Something that I spend a lot of my time working on at the moment is containerising workloads. We run a lot of this stuff in AWS, which has some nice orchestration facilities as a part of ECS - but I've been looking at a way to have this same sort of facility in our own datacentres.
Enter Kubernetes, or k8s for short. It's a container/cluster management system from Google, which handles scheduling and placement of containers across a fleet of servers. It's a cool system, but being new suffers from a lack of maturity in documentation and support; it's not unusual to find a getting started guide that either peters out into a sea of TODOs or suggests running a bunch of deprecated commands.
This is mostly possible to work around (Kubernetes itself is usually quite good at telling you minions is now nodes and so on, making this much less of a stumbling block than it could be), but we did have a problem setting up a cluster that managed to completely stump us:
- Both master and nodes were coming online without any obvious errors
- kubectl get nodes reported the nodes as being "Ready"
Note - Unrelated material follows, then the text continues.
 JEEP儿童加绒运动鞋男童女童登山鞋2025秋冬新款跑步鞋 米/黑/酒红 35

- Pods could be created...
- ... but kubectl get pods reported all pods stuck in a status of "Pending"
A lot of searching for problems with pods stuck in pending suggested trouble communicating with Docker, nodes reporting a different hostname or address to what the master saw them as, or traffic not making it over the network. We had none of these, and no obvious errors in the logs, making the failure of pods to run appear completely mystifying.
Of course, like so many problems which appear baffling and complex, it turned out to be an utterly basic bit of user error. The solution?
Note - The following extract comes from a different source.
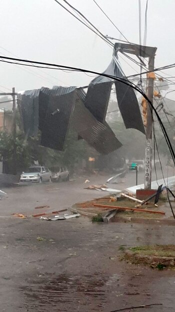 En uno de los videos viralizados se puede observar la voladura de un techo en el Motel Caldén, sobre la Ruta Nacional 35, en uno de los ingresos a la ciudad a la ciudad de Santa Rosa. También cayeron muchos árboles sobre las rutas. En la Avenida Perón de la capital pampeana quedaron muchos ejemplares que no resistieron el vendaval y en el barrio Lowo Ché algunos árboles cayeron sobre las viviendas y arrastraron postes y cables, lo que provocó el corte de la energía eléctrica.
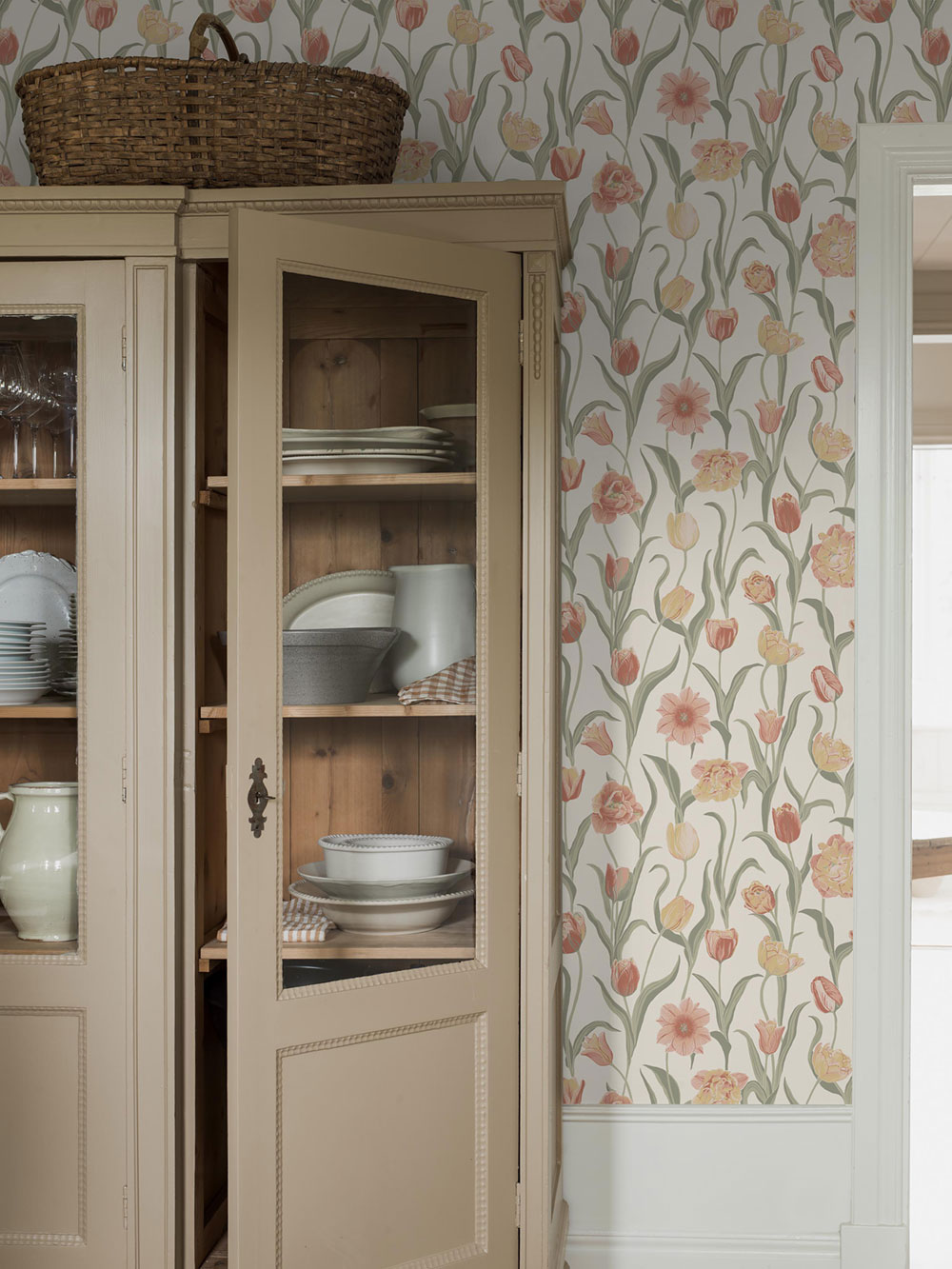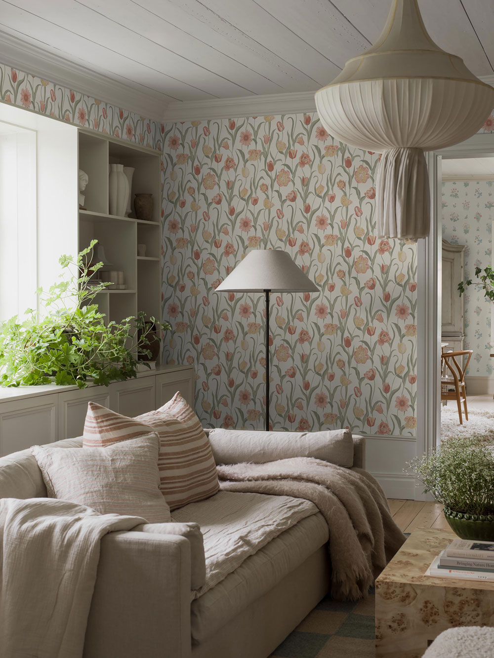 Die Tapetenkollektion Österlen bringt die Leichtigkeit und Ruhe des schwedischen Sommers in Ihr Zuhause. Handgemalte Blumen, feine Streifen und weitere Muster in zarten Pudertönen schaffen eine natürliche, sanfte Ausstrahlung. Ideal für das Ferienhaus, das Mädchenzimmer, den Flur oder das Wohnzimmer – überall dort, wo eine ruhige und freundliche Atmosphäre entstehen soll.

If kube-scheduler is not running on the master, Kubernetes will report everything as okay but will be unable to start containers in a pod.
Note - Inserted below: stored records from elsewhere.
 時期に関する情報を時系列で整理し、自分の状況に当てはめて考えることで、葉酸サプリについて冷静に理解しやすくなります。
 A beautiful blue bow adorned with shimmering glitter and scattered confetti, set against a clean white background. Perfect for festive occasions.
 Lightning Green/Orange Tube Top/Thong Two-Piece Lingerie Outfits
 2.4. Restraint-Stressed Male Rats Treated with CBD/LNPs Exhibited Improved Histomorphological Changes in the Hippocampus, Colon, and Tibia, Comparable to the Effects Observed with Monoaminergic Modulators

Hence all our pods being stuck in pending. Some idiot (me) had made a typo in the script which set up the various services, failed to notice, then wondered why nothing was working - especially since the documentation is catching up to a moving target, and often misses out the critical step that in current versions of Kubernetes the scheduler needs to be running in order for anything meaningful to happen.
Anyway - if you have pods stuck in pending, no obvious errors in the logs, and no log events, lack of scheduler could be the reason. Failing that, the debugging FAQ is one of the better resources; but make sure you go through it from the start and check every step. (A lot of advice suggests starting halfway down in a specific section, and it's easy to miss the basics doing this.)